Over a billion Bluetooth-enabled devices, including smartphones, laptops, smart IoT devices, and industrial devices, have been found vulnerable to a high severity vulnerability that could allow attackers to spy on data transmitted between the two devices.
The vulnerability, assigned as CVE-2019-9506, resides in the way ‘encryption key negotiation protocol’ lets two Bluetooth BR/EDR devices choose an entropy value for encryption keys while pairing to secure their connection.
Referred to as the Key Negotiation of Bluetooth (KNOB) attack, the vulnerability could allow remote attackers in close proximity to targeted devices to intercept, monitor, or manipulate encrypted Bluetooth traffic between two paired devices.

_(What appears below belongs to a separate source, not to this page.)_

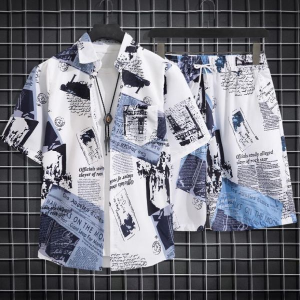 > 人気推薦 ジャージメンズ上下セットアップスウェット花柄半袖シャツ ハーフパンツ トレーナー部屋着ルームウェア 大きいサイズ ホワイト

The Bluetooth BR/EDR (Basic Rate/Enhanced Data Rate, also known as “Bluetooth Classic”) is a wireless technology standard that has typically been designed for relatively short-range, continuous wireless connection such as streaming audio to headsets or portable speakers.
From the security point of view, the core specification of Bluetooth BR/EDR protocol supports encryption keys with entropy between 1 and 16 bytes/octets, where the higher value means more security.

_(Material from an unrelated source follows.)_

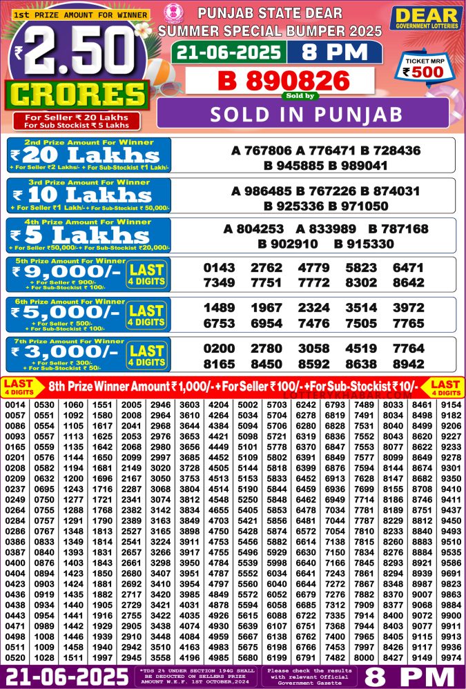 Punjab State Dear Summer Special Bumper Lottery Result 21/06/2025 – Check 2.5 Crore Winner Now! The Punjab…

However, researchers find that the entropy negotiation, which devices perform over the Link Manager Protocol (LMP), is neither encrypted nor authenticated, and can be hijacked or manipulated over-the-air.
How Does Bluetooth BR/EDR Key Negotiation Vulnerability Works?

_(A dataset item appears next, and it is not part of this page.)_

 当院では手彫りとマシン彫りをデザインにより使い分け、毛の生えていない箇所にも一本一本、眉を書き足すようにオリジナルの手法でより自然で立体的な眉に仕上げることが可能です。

The newly discovered Bluetooth vulnerability could allow a remote attacker to trick two targeted devices into agreeing on an encryption key with only 1 byte (8 bits) of entropy, eventually making it easy to brute-force the negotiated encryption keys.
“For example, assume that there are two controllers attempting to establish a connection: Alice and Bob. After authenticating the link key, Alice proposes that she and Bob use 16 bytes of entropy. This number, N, could be between 1 and 16 bytes. Bob can either accept this, reject this and abort the negotiation, or propose a smaller value,” explains an advisory published by the CERT Coordination Center.
“Bob may wish to propose a smaller N value because he (the controller) does not support the larger amount of bytes proposed by Alice. After proposing a smaller amount, Alice can accept it and request to activate link-layer encryption with Bob, which Bob can accept.”
However, by exploiting the reported vulnerability “an attacker, Charlie, could force Alice and Bob to use a smaller N by intercepting Alice’s proposal request to Bob and changing N.”
Once decrypted, the attacker can passively capture encrypted messages being transmitted over the Bluetooth traffic, decrypt the ciphertext and inject valid valid ciphertext, all in real-time and stealthy.
Besides this, it is also important to note that, for an attack to be successful:
- both Bluetooth devices must be establishing a BR/EDR connection,
- both Bluetooth devices must be vulnerable to this flaw,
- the attacker should be able to block direct transmissions between devices while pairing, and
- the attack must be performed during negotiation or renegotiation of a paired device connection; existing sessions cannot be attacked.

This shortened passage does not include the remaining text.